The tube does not take the *whole* supply voltage. It has to work in a "fair fight" with a plate resistor. To over-simplify, half voltage on resistor, half voltage on tube.
Because the 12AX7 is a high impedance we often have to let it take more voltage. In your 1.3k+100k bias, maybe 65%, so 180V. In the VERY popular Fender 1.5k+100k bias, about 70%, so 200V. Fender actually ran preamp +B over 350V on some models (cuz he had 450V available on the big bottles).
The only way to approach 4mA on 12AX7 is to jam it hard-ON. But for audio we have to bias it half-on, so we can swing both ways like the strings.

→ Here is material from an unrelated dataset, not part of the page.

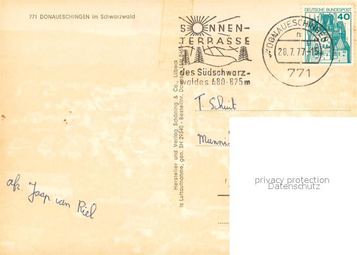 73689338 alte Postkarte Donaueschingen im Schwarzwald Fliegeraufnahme postalisch gelaufen Erhaltung siehe scans [FriedD77] KatCode: 11110008326012
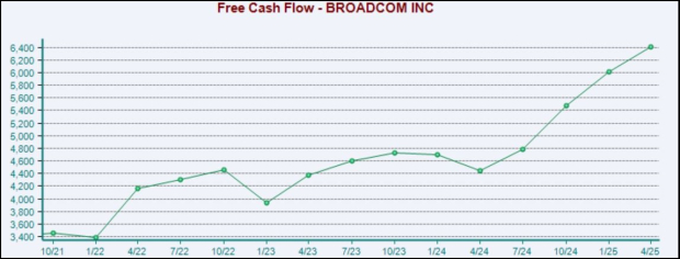 Broadcom, currently a Zacks Rank #2 (Buy), has quickly entered the AI race, evolving a broad portfolio of technologies to extend its leadership in enabling next-generation AI infrastructure. The stock has long been a favorite among those seeking tech exposure paired with paydays, with the company’s strong cash-generating abilities allowing it to consistently reward shareholders in a big way over its history.

Anyway we can get a close estimate of current since we know the resistor and the approximate voltage. Say 280V of B+ and 180V on tube. So it must be 100V across the resistor. Which is 100k. What is the current?
1mA? 1.8mA? 2.8mA?
I don't yet grasp how Ohm's law works... Is V in the equation the amount lost across the resistor? the initial B+ amount? The 180v seen by the tube? If I take it to mean the voltage lost across the resistor that doesn't make sense because that means current is related to voltage change not voltage present...? So then I would say we are measuring the current seen by the tube at 180v? Sorry for being so beginner about this, reading the definition just doesn't seem to clear it all up for me, it's just simple algebra yet still unclear to me.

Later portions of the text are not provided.